(TASK PROMPT): Take the records below from their first line through the line holding "denim, brand logo, glitter, dark", and set each of those lines down exactly, without pictures.

(ENTRIES SHOWN):

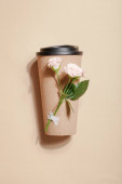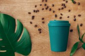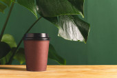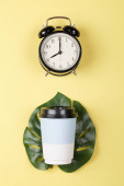 zabrać filiżankę na kawę lub herbatę na żółtym tle z zieloną gałązką palmową
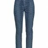 denim, brand logo, glitter, dark wash, mid rise, slim-leg pants, straight leg, multipockets, button closing, zipper closure, two-tone, stretch
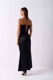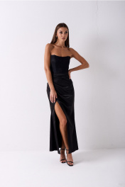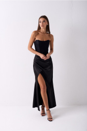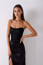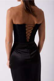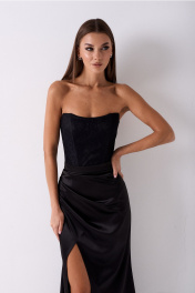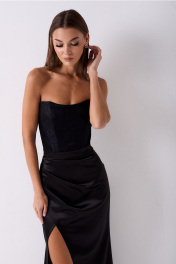 Комплект 2х предметный, состоит из корсета и юбки. Корсет 2х слойный состоит из верхнего слоя кружева и нижнего корсетного атласа. Корсет на подкладке из шёлка. По спинке воздушные навесные петли для шнуровки и шнур, с помощью которого можно плотно затянуть и завязать корсет и тем самым подчерунуть Женственность и красоту. Юбка длина макси из атласа, средней плотности . По переду по левой детали заложены глубокие складки, направленные вверх. По правой ноге деталь заходит под левую в полузанос, тем самым образовывая глубокую отлетную шлицу (разрез). По задней части юбки застрочены талиевые вытачки, по центру среднего шва притачана потайная тесьма молния. Юбка на поясе. Пояс с застёжкой с зади на прорезную петлю и пуговицу. Изделие можно носить и в комплекте и с другими изделиями, создавая различные стильные образы. Юбка длиной по боковому шву 90см.
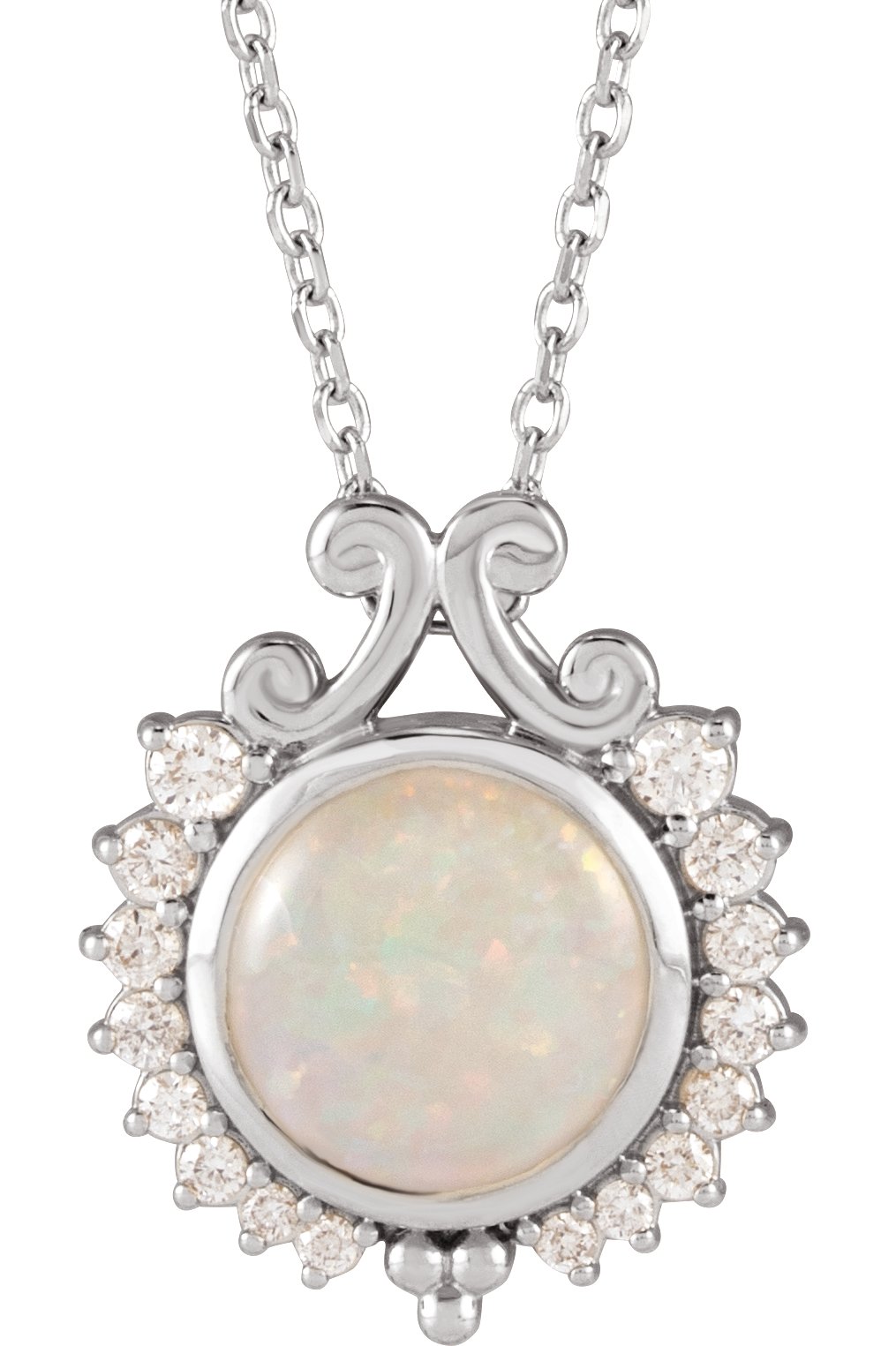 Description: Natural White Opal And 1/6 CTW Natural Diamond Necklace
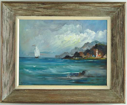 THOMAS CASILEAR COLE (American, 1888-1976) SAILING ALONG COAST. Colorful oil on canvas mounted on board shows white sailed ship coming along coast with high mountains and colorful village with lighthouse. Signed lower left “Casilear Cole”. Housed in a weathered wood frame with white liner. SIZE: 15” x 20”. CONDITION: Very good. 9-96790 (400-600)
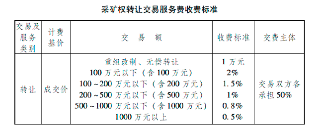說明:采礦權(quán)交易服務(wù)費采用按交易額和費率分段累加計費。超額累進計算法為:交易服務(wù)費=Σ(總成交價相應(yīng)級距部分金額×相應(yīng)級距比例)

(SOLUTION FOR THIS PROBLEM):
 zabrać filiżankę na kawę lub herbatę na żółtym tle z zieloną gałązką palmową
 denim, brand logo, glitter, dark wash, mid rise, slim-leg pants, straight leg, multipockets, button closing, zipper closure, two-tone, stretch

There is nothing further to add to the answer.